In an effort to raise campus awareness of the Development, Relief and Education for Alien Minors Act, which failed to pass through Congress last month, Chicano culture group MEChA held a teach-in Wednesday afternoon on College Green.

The DREAM Act would provide a means for undocumented students to achieve permanent resident status and would be a “wonderful first step” toward alleviating the challenges faced by undocumented students, according to professor Emilio Parrado, who spoke at the teach-in.

“There’s no reason that can justify restricting access to education to undocumented children and holding them accountable for an act their parents committed,” said Parrado, a professor of sociology and associate director of Penn’s Population Studies Center.

According to Parrado, this is a “very difficult” time for immigrants in America.

“There have been periods throughout history of denying basic rights to certain groups and not thinking about the long-term consequences,” Parrado said. “It is difficult to convince people that we’re living in one of those periods.”

Parrado was joined by two undocumented college students, who discussed the challenges of attending school without legal residency status and the importance of the DREAM Act in helping future generations avoid the problems they faced.
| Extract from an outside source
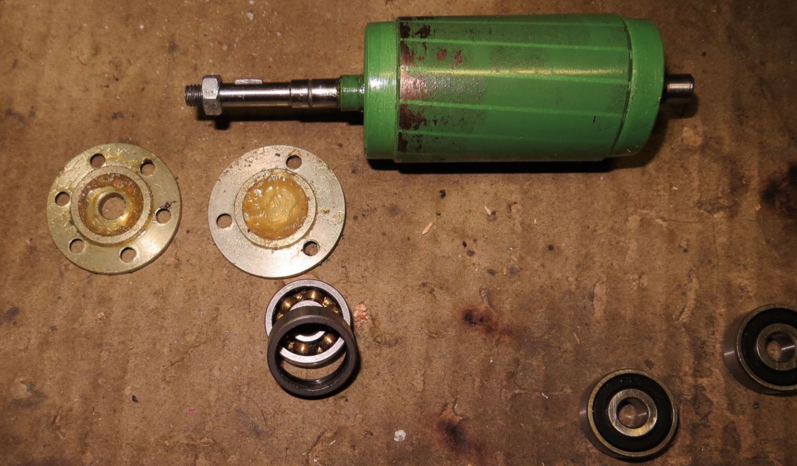 Двигатель собран на клею - располовинить двигатель довольно сложно. Передний подшипник удалось снять не располовинивая двигатель. А задний удалось снять только располовинив корпус.

Though Maria Marroquin immigrated to the United States from Peru when she was 13, she is forced to pay international fees to attend Montgomery County Community College. Marroquin is the co-founder of, a website that helps undocumented students.

“We cannot sit around and wait for politicians to act,” Marroquin said. “We need to act ourselves. We have come out as undocumented and unafraid.”

Above all, MEChA hopes the event helped to raise awareness of the situation.

“We hope that it put things in perspective,” MEChA’s East Coast Chicano Student Forum representative and College sophomore Kareli Lizarraga said. “This is an issue that affects all of us, considering that thousands of students in the United States are facing this dilemma.”

MEChA president and College junior Rosie Brown hopes people came away knowing that the DREAM Act is still a possibility, despite the setback.

“We’re trying to get more support for the undocumented students that are here,” Brown said. “We got a letter of support [for the DREAM Act] from [Penn President] Amy Gutmann, but we’re hoping for more and more tangible support.”

MEChA plans to hold more teach-ins in the future and to organize phone calls to senators to voice support for the act, Lizarraga said.